Тимоти Финдли - Пилигрим
От костров, у которых снова съежились человеческие фигуры, отползают собаки: уши прильнули к голове, хвосты зажаты между задних лап. Они приближаются к тряпью, обнюхивают его и поворачивают назад.
Все, кроме одной. Она ложится на землю, кладет голову на лапы и безмолвно скорбит».
Юнг оторвался от чтения.
На его глазах убили незнакомку — незнакомку из другого времени, такого далекого, что он недоумевал, как мог Пилигрим столь живо описать это в своем дневнике.
Дневник. Ежедневные записи… То, что Юнг прочел, было написало в настоящем времени, как будто…
Как будто Пилигрим сам там был. Но разве такое возможно?
Совершенно невозможно.
Почерк был такой неразборчивый, а глаза у Юнга так устали, что, казалось, голова вот-вот разорвется на части.
Что же он такое прочел?
Юнг полистал страницы дневника, размышляя о том, сколько еще удастся прочитать сегодня. Разве можно описать события прошлого так, словно они увидены глазами очевидца? Костры, женская одежда, пение хора мальчиков, собаки, дети… Результат мастерского исследования? Или обычный вымысел, часть будущего романа?
Юнг потер глаза, собираясь закурить сигару, и вдруг услышал, как отворяется дверь.
— Карл Густав! Уже три часа. Ложись спать.

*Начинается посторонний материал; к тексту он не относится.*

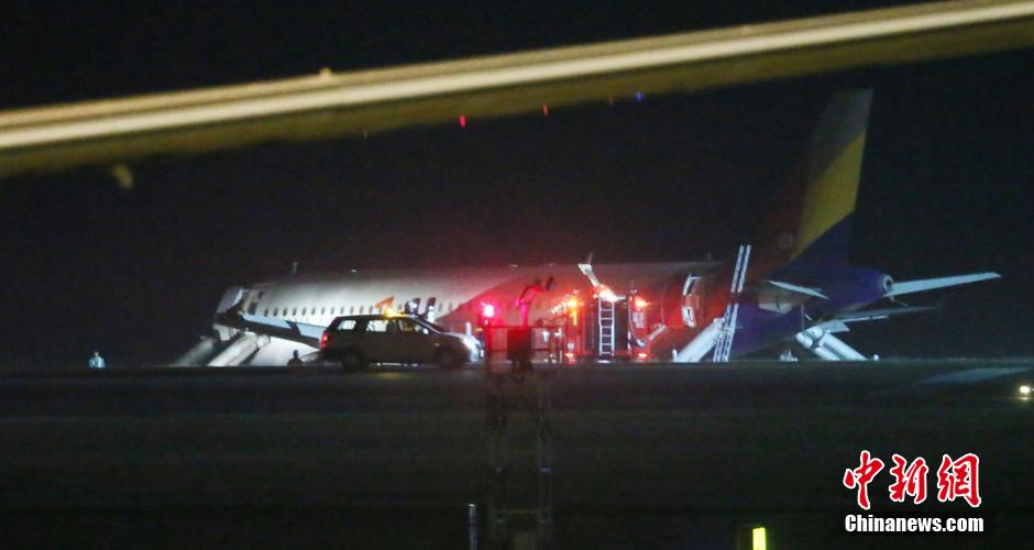 图为冲出跑道的韩亚航空A320客机,机上载有74名乘客及8名机组人员,主要是韩国人。
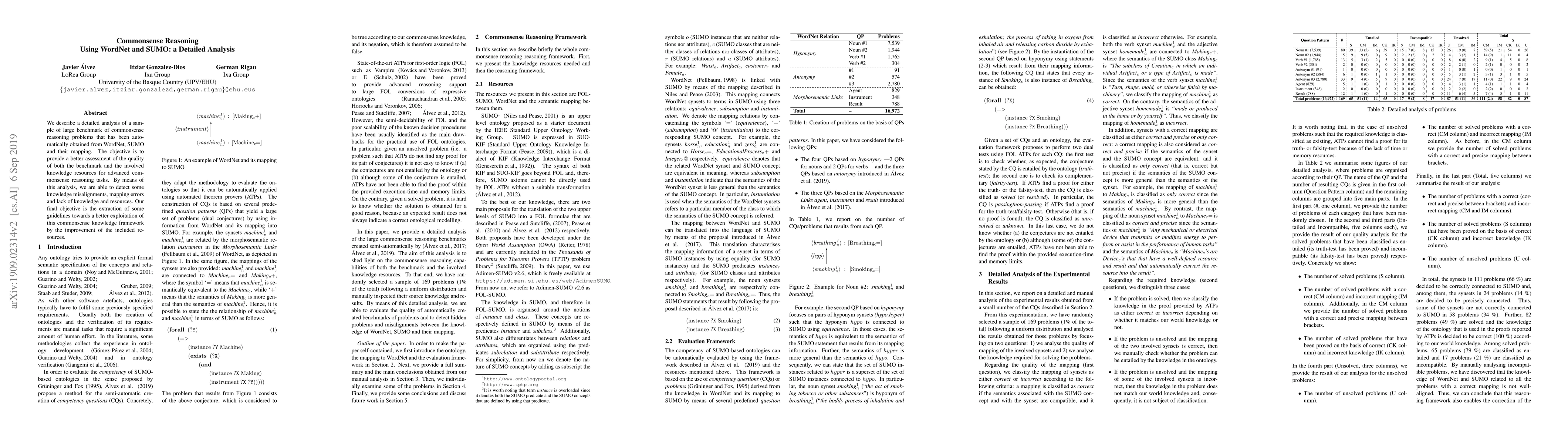 This paper analyzes a large benchmark of commonsense reasoning problems derived from WordNet and SUMO, aiming to assess the quality of the knowledge resources and identify issues like misalignments and mapping errors. The study aims to provide guidelines for enhancing the commonsense knowledge framework.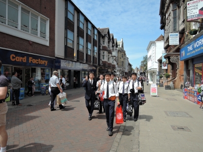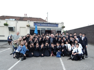 | 現地の方々と話したり、写真撮影をしたりと、有意義な時間をすごせました。(2組 T.O.) シェイクスピアの生家に入る前のところで役者さんが即興でロミオとジュリエットの芝居をやってくださったのが印象に残った。(5組 S.F.) 文化の違いを非常に感じた。明日も楽しみだ。(4組 Y.F.) オックスフォードでのガイドさんによる教会のつくりの説明が非常に興味深く、また、ハリー・ポッターの撮影で使われた場所もあり、楽しめました。(5組 M.F.) |

В дверном проеме стояла Эмма. Лицо ее плыло во тьме, из которой она возникла. Голос прозвучал так неожиданно — почти замогильно, — что Юнг поспешно захлопнул дневник Пилигрима, точно жена застукала его за разглядыванием эротических японских картинок. За спиной у Юнга, за стеклянной дверцей шкафа, было заперто несколько экземпляров, которые он хранил исключительно из профессиональных соображений, Эмма — чтобы отличить нормальные позы от безумных и опасных сексуальных фантазий самых озабоченных пациентов. И я…
— Что ты читаешь?
— Ничего.
— Нельзя сидеть и читать ничего в три часа утра.
— Это просто…
— Да?
— Всего лишь…
— Что — всего лишь? — прервала его Эмма. Она пришла, чтобы уложить мужа в постель, и ей не хотелось выслушивать туманные объяснения.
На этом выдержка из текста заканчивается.